Exercise:
Restate the listing below word for word. No picture belongs in the result.

Information shown:

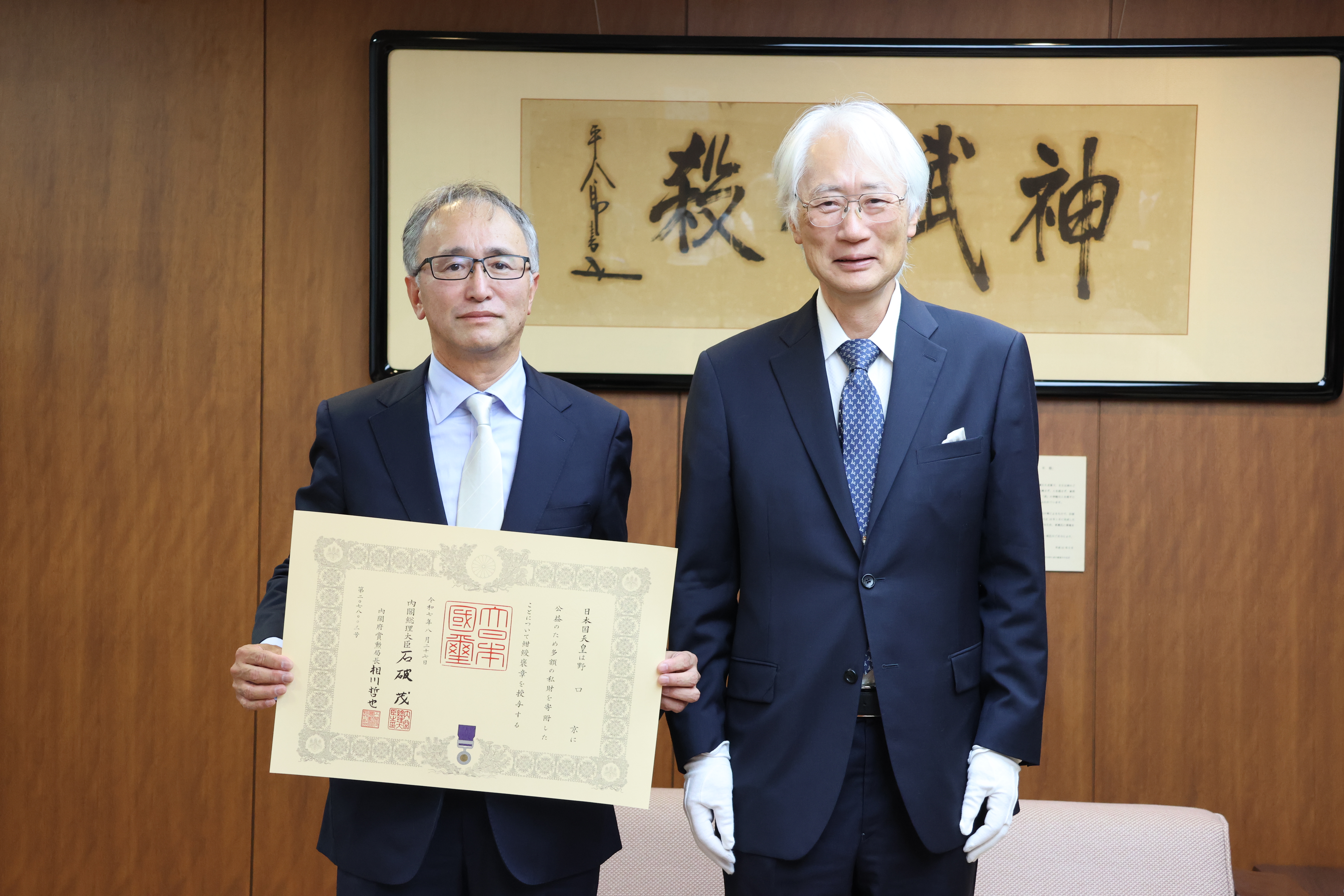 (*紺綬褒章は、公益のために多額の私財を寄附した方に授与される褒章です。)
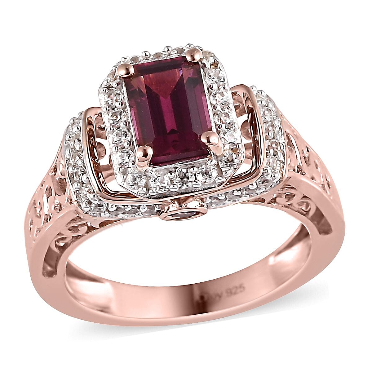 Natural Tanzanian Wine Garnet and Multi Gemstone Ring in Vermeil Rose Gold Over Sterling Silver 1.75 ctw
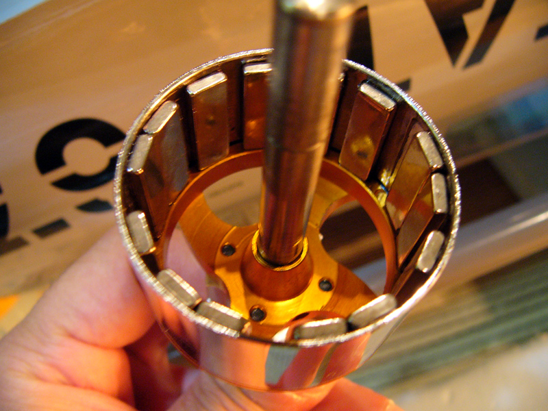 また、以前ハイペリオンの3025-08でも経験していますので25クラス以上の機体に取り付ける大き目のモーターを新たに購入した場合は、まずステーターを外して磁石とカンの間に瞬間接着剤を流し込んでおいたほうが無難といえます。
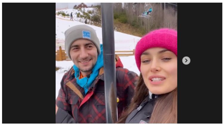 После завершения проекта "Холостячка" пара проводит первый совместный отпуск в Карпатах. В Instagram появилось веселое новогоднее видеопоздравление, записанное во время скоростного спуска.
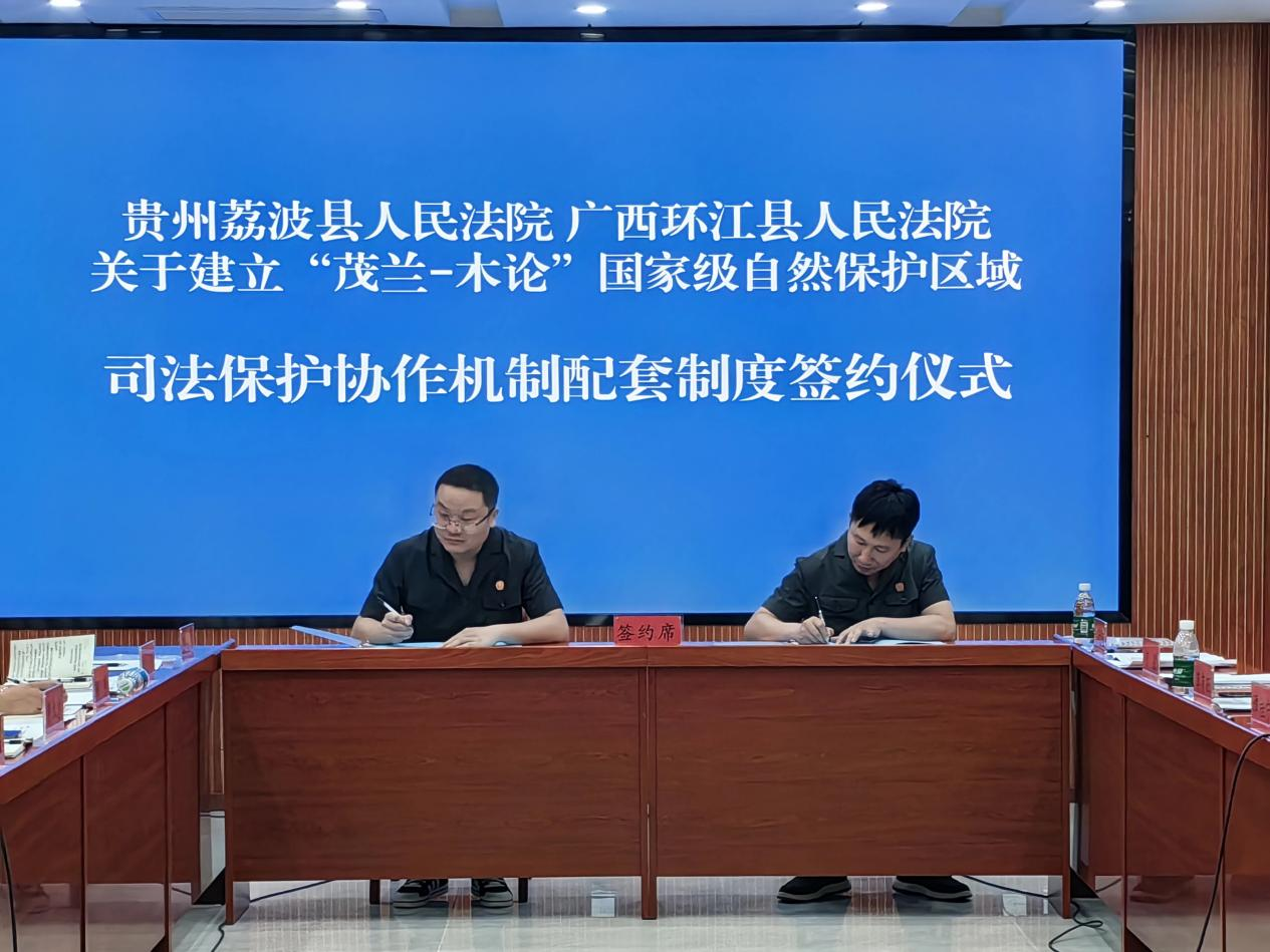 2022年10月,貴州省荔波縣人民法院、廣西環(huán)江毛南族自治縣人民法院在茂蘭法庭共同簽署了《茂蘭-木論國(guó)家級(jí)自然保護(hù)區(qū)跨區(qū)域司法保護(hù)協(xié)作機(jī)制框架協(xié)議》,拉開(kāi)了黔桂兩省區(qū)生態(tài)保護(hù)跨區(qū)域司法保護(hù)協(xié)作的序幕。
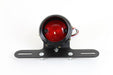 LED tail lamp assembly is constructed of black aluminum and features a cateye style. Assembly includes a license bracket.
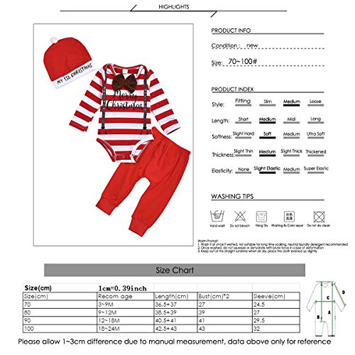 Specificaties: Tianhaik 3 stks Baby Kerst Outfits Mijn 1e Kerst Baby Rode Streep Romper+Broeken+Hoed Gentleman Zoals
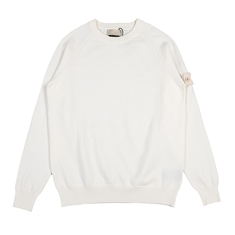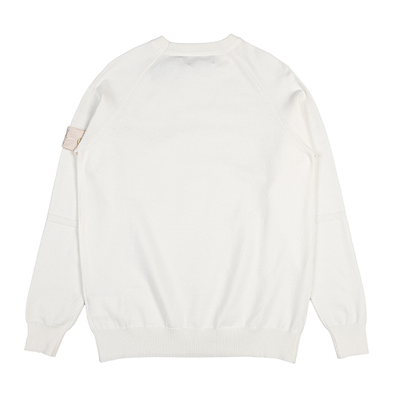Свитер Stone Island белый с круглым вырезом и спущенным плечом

Task solution:
 (*紺綬褒章は、公益のために多額の私財を寄附した方に授与される褒章です。)
 Natural Tanzanian Wine Garnet and Multi Gemstone Ring in Vermeil Rose Gold Over Sterling Silver 1.75 ctw
 また、以前ハイペリオンの3025-08でも経験していますので25クラス以上の機体に取り付ける大き目のモーターを新たに購入した場合は、まずステーターを外して磁石とカンの間に瞬間接着剤を流し込んでおいたほうが無難といえます。
 После завершения проекта "Холостячка" пара проводит первый совместный отпуск в Карпатах. В Instagram появилось веселое новогоднее видеопоздравление, записанное во время скоростного спуска.
 2022年10月,貴州省荔波縣人民法院、廣西環(huán)江毛南族自治縣人民法院在茂蘭法庭共同簽署了《茂蘭-木論國(guó)家級(jí)自然保護(hù)區(qū)跨區(qū)域司法保護(hù)協(xié)作機(jī)制框架協(xié)議》,拉開(kāi)了黔桂兩省區(qū)生態(tài)保護(hù)跨區(qū)域司法保護(hù)協(xié)作的序幕。
 LED tail lamp assembly is constructed of black aluminum and features a cateye style. Assembly includes a license bracket.
 Specificaties: Tianhaik 3 stks Baby Kerst Outfits Mijn 1e Kerst Baby Rode Streep Romper+Broeken+Hoed Gentleman Zoals
Свитер Stone Island белый с круглым вырезом и спущенным плечом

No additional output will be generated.